> _What is being asked_
The listing below should be written out word for word, with its pictures removed.

> _Information provided_
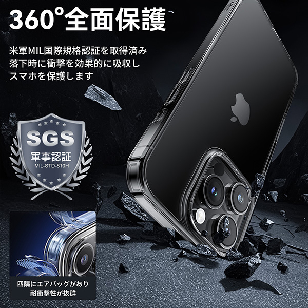 MIL-STD-810H認証取得。ケースと高透明ガラスフィルムがセットになっている商品です。背面カメラ部分を保護するため1mm高いエッジ構造となっています。ワイヤレス充電対応。
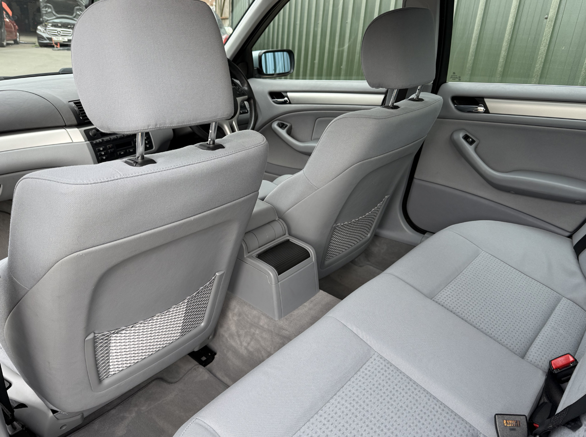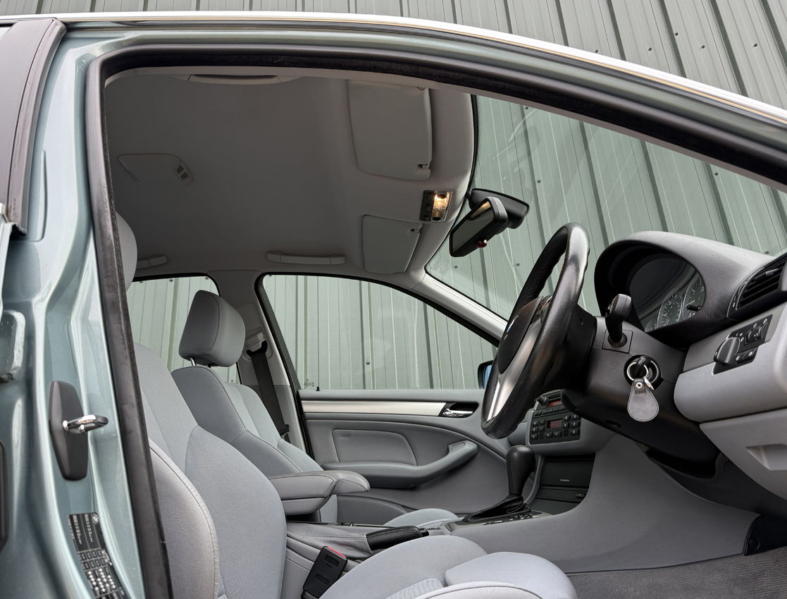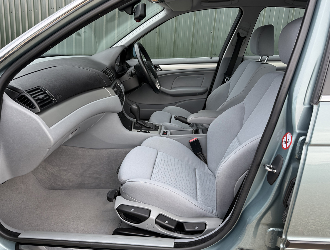 Grey Green with H9TT grey cloth, M sports front seats, 17 inch ‘parallel’ alloy wheels, boot lip spoiler, multi-functional steering wheel, front centre arm rest, rear park distance control, automatic air conditioning, front fog lights, rear head rests, cruise control, electric windows and mirrors, original radio cassette player.
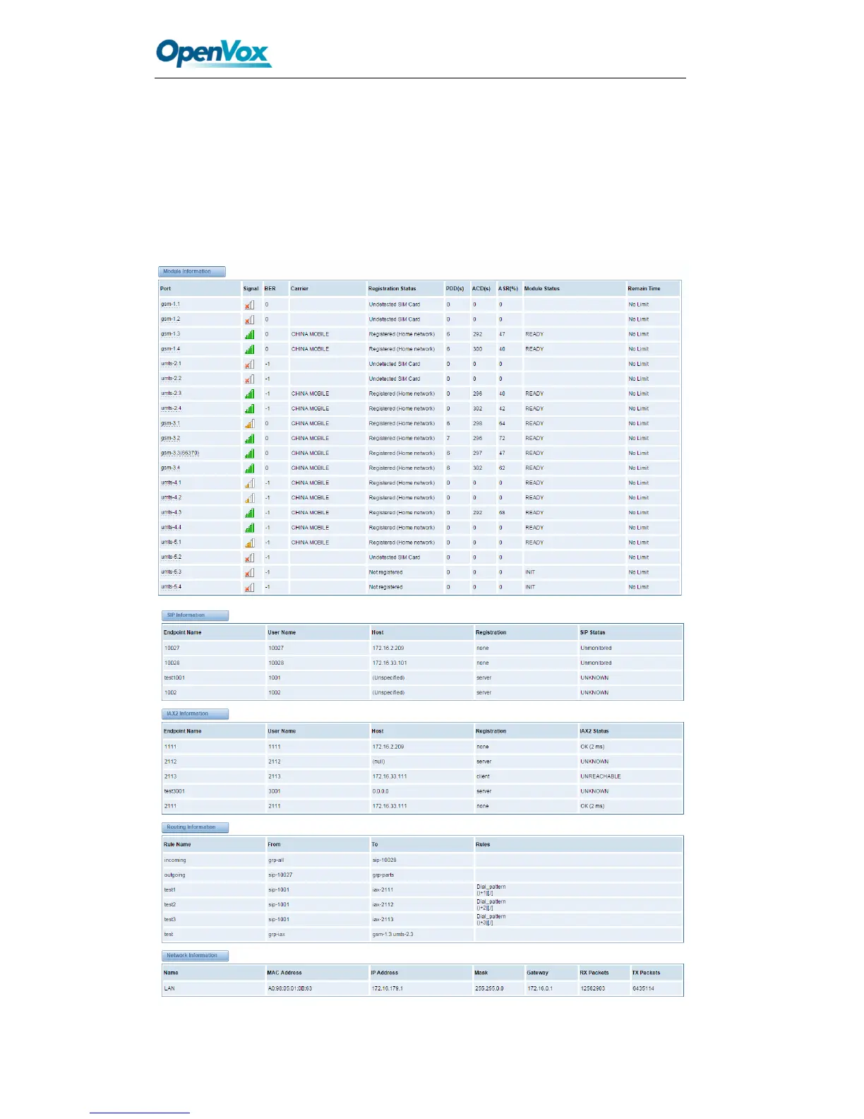 On the “Status” page, you will find all GSM, SIP, IAX2, Routing, Network information and
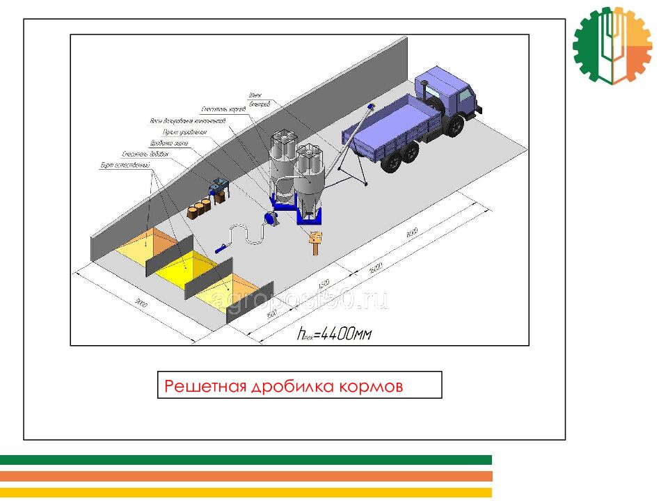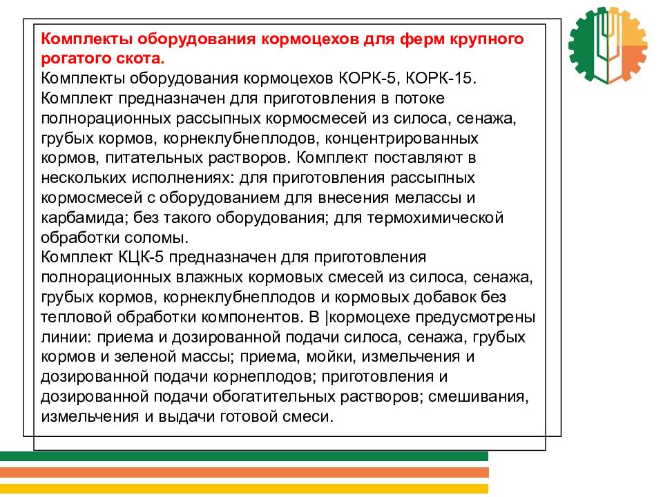 Комплекты оборудования кормоцехов для ферм крупного рогатого скота. Комплекты оборудования кормоцехов КОРК-5, КОРК-15. Комплект предназначен для приготовления в потоке полнорационных рассыпных кормосмесей из силоса, сенажа, грубых кормов, корнеклубнеплодов, концентрированных кормов, питательных растворов. Комплект поставляют в нескольких исполнениях: для приготовления рассыпных кормосмесей с оборудованием для внесения мелассы и карбамида; без такого оборудования; для термохимической обработки соломы. Комплект КЦК-5 предназначен для приготовления полнорационных влажных кормовых смесей из силоса, сенажа, грубых кормов, корнеклубнеплодов и кормовых добавок без тепловой обработки компонентов. В |кормоцехе предусмотрены линии: приема и дозированной подачи силоса, сенажа, грубых кормов и зеленой массы; приема, мойки, измельчения и дозированной подачи корнеплодов; приготовления и дозированной подачи обогатительных растворов; смешивания, измельчения и выдачи готовой смеси.
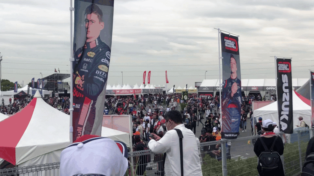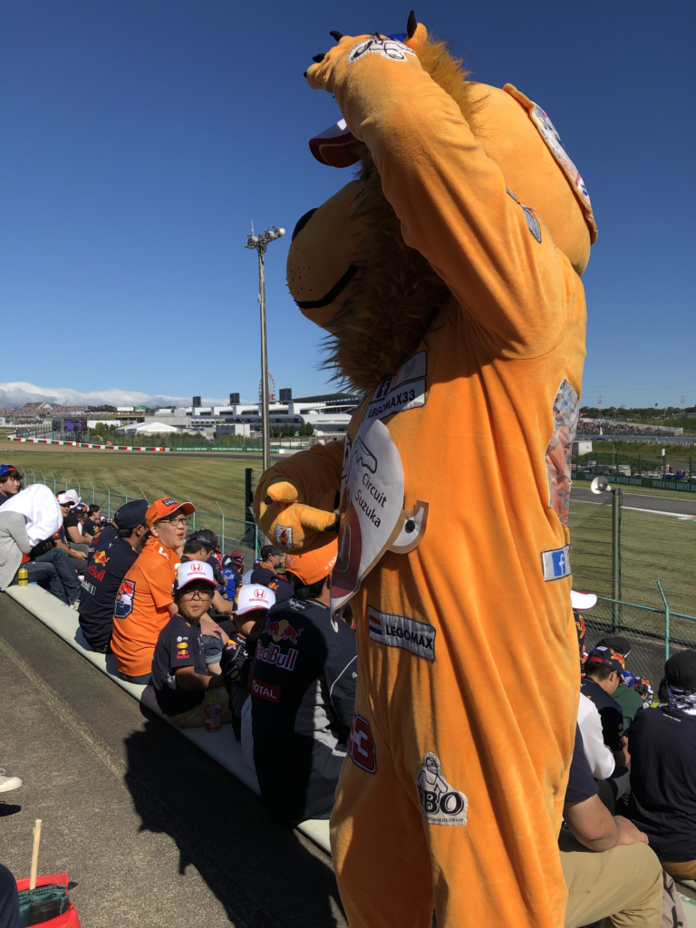 フェルスタッペンのがライオンの着ぐるみを着て応援していました。日本グランプリはコスプレの人も多いため、頼めば写真を一緒に撮ってくれるかもしれません。
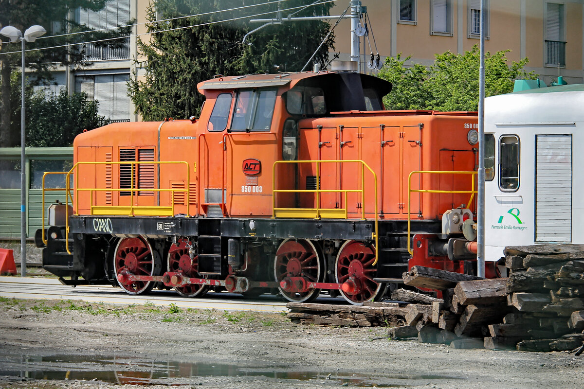 In Italien/Reggio Emilia entdeckt: Die von Henschel 1958 an die Söhrebahn (V 4) gelieferte diesel-hydrauliche Lok (Bauart DH 850 D) kam nach Übernahme des Betriebs an die DB und erhielt dort 1970 die Nummer 279 001-2, bevor sie schon ein Jahr später weiterverkauft wurde und letztendlich in Italien bei der ACT unter der Nummer 850 003 landete (Aufnahme dort am 23.04.2019). Die für diese Sonderbauart korrekten Kategorien folgen.
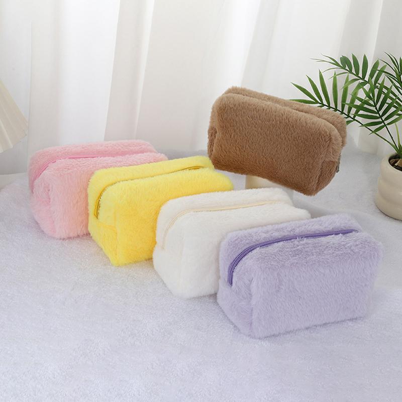 Plush Cosmetic Bag Convenient Storage Bag Large Capacity Toiletry Bag Multi-Layered Categorized Bag

> _Expected output_
 MIL-STD-810H認証取得。ケースと高透明ガラスフィルムがセットになっている商品です。背面カメラ部分を保護するため1mm高いエッジ構造となっています。ワイヤレス充電対応。
 Grey Green with H9TT grey cloth, M sports front seats, 17 inch ‘parallel’ alloy wheels, boot lip spoiler, multi-functional steering wheel, front centre arm rest, rear park distance control, automatic air conditioning, front fog lights, rear head rests, cruise control, electric windows and mirrors, original radio cassette player.
 On the “Status” page, you will find all GSM, SIP, IAX2, Routing, Network information and
 Комплекты оборудования кормоцехов для ферм крупного рогатого скота. Комплекты оборудования кормоцехов КОРК-5, КОРК-15. Комплект предназначен для приготовления в потоке полнорационных рассыпных кормосмесей из силоса, сенажа, грубых кормов, корнеклубнеплодов, концентрированных кормов, питательных растворов. Комплект поставляют в нескольких исполнениях: для приготовления рассыпных кормосмесей с оборудованием для внесения мелассы и карбамида; без такого оборудования; для термохимической обработки соломы. Комплект КЦК-5 предназначен для приготовления полнорационных влажных кормовых смесей из силоса, сенажа, грубых кормов, корнеклубнеплодов и кормовых добавок без тепловой обработки компонентов. В |кормоцехе предусмотрены линии: приема и дозированной подачи силоса, сенажа, грубых кормов и зеленой массы; приема, мойки, измельчения и дозированной подачи корнеплодов; приготовления и дозированной подачи обогатительных растворов; смешивания, измельчения и выдачи готовой смеси.
 フェルスタッペンのがライオンの着ぐるみを着て応援していました。日本グランプリはコスプレの人も多いため、頼めば写真を一緒に撮ってくれるかもしれません。
 In Italien/Reggio Emilia entdeckt: Die von Henschel 1958 an die Söhrebahn (V 4) gelieferte diesel-hydrauliche Lok (Bauart DH 850 D) kam nach Übernahme des Betriebs an die DB und erhielt dort 1970 die Nummer 279 001-2, bevor sie schon ein Jahr später weiterverkauft wurde und letztendlich in Italien bei der ACT unter der Nummer 850 003 landete (Aufnahme dort am 23.04.2019). Die für diese Sonderbauart korrekten Kategorien folgen.
 Plush Cosmetic Bag Convenient Storage Bag Large Capacity Toiletry Bag Multi-Layered Categorized Bag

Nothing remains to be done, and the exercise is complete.